MINIO_OPTS="-C /etc/minio --address :9000 --console-address :443  --certs-dir /opt/minio-certs"
MINIO_ROOT_USER="minio_admin"
MINIO_ROOT_PASSWORD="strong-password"
MINIO_DOMAIN="minio.example.com"

  11. Restart MinIO to apply your configuration changes.

    console 
    $ sudo systemctl restart minio

  12. Allow connections to the HTTPS port 443 through the default firewall.

    console 
    $ sudo ufw allow 443/tcp

  13. Allow S3 connections to the MinIO API port 9000.

    console 
    $ sudo ufw allow 9000/tcp

  14. Reload the Firewall to apply changes.

    console 
    $ sudo ufw reload

Access MinIO

  1. Access your MinIO domain using a web browser such as Chrome.

    https://minio.example.com

    Verify that the MinIO interface displays in your web browser. Then, Log in to the MinIO console using the following administrator user details you enabled in the /etc/default/minio configuration file.

    USERNAME: minio_admin PASSWORD: strong-password

    Access the MinIO Web Console Interface

  2. Click Buckets on the main navigation menu to set up a new storage bucket on your server.

  3. Click Create a Bucket to set up the new bucket information.
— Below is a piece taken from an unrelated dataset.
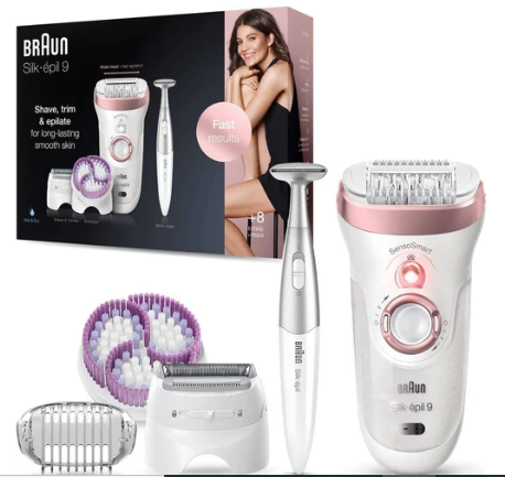 The world’s first smart epilator with new SensoSmart technology offers gentle hair removal with reduced pressure. This cordless wet & dry epilator can be used in the bath or shower, and includes 2 body exfoliation brushes to prevent ingrown hairs. It comes with 8 extras, including a facial cap, skin contact cap, shaver and trimmer cap, and a bikini trimmer for sensitive areas. Enjoy the convenience and effectiveness of this Braun epilator.

  4. Enter your desired bucket name in the Bucket Name field. For example, vultr_test.

    Create a new MinIO bucket

  5. Enable extra bucket features and click Create Bucket to apply it on your server.

  6. Verify that the new bucket is available. Then, click the bucket name to access the properties configuration.

    Access Bucket Properties

  7. Navigate to Object Browser on the main navigation menu to upload files on your server.

  8. Click your new bucket to open the object browser. Then, click Upload and select Upload File from the list of options to upload new files from your device.

    Upload new Files to a MinIO bucket

  9. Verify that your upload is complete and the new file is available in your object browser. Then, click your desired file and select Share to generate a new shareable encrypted URL.

  10. Set the link duration and click the copy symbol to share your generated link to download the file.

    Share Object Storage Files on MinIO

Access MinIO using an S3 Client

S3 client applications offer a secure way to upload and manage object storage files. The MinIO API runs on port 9000 and accepts S3 connections on your server to create and manage files. Follow the steps below to use an S3 client application such as S3 Browser to establish a connection and upload files on your server.

  1. Navigate to Access Keys within your MinIO console interface to set up new authentication keys.

  2. Click Create access key to generate a new access and secret key with random values.

    Create Access Keys

  3. Set your desired expiry date and name. Then, click Create to apply the new keys on your server.

  4. Copy the generated keys or click Download for Import to save the keys to a file on your device.

    View Generated Keys

  5. Download and install an S3 client application on your device. For example, S3 Browser.

  6. Open the S3 Browser application on your device and click Add new account within the Accounts menu.

  7. Select S3 Compatible Storage or Amazon S3 as the account type. Then, enter your MinIO API URL in the REST ENDPOINT field.

    https://minio.example.com:9000

    Add new S3 Storage in S3 Browser

  8. Click Connect to save the new S3 storage account and connect to your MinIO server.

  9. Verify that your MinIO buckets display in the S3 client application. Then, click any bucket to view the available objects.

    View MinIO Bucket Objects

Conclusion

You have deployed MinIO on your Ubuntu 24.04 server and configured the application to manage files using the main console web interface. MinIO is compatible with most applications and uses the S3 API to integrate with other services on your server. For more configuration options, please visit the official MinIO documentation.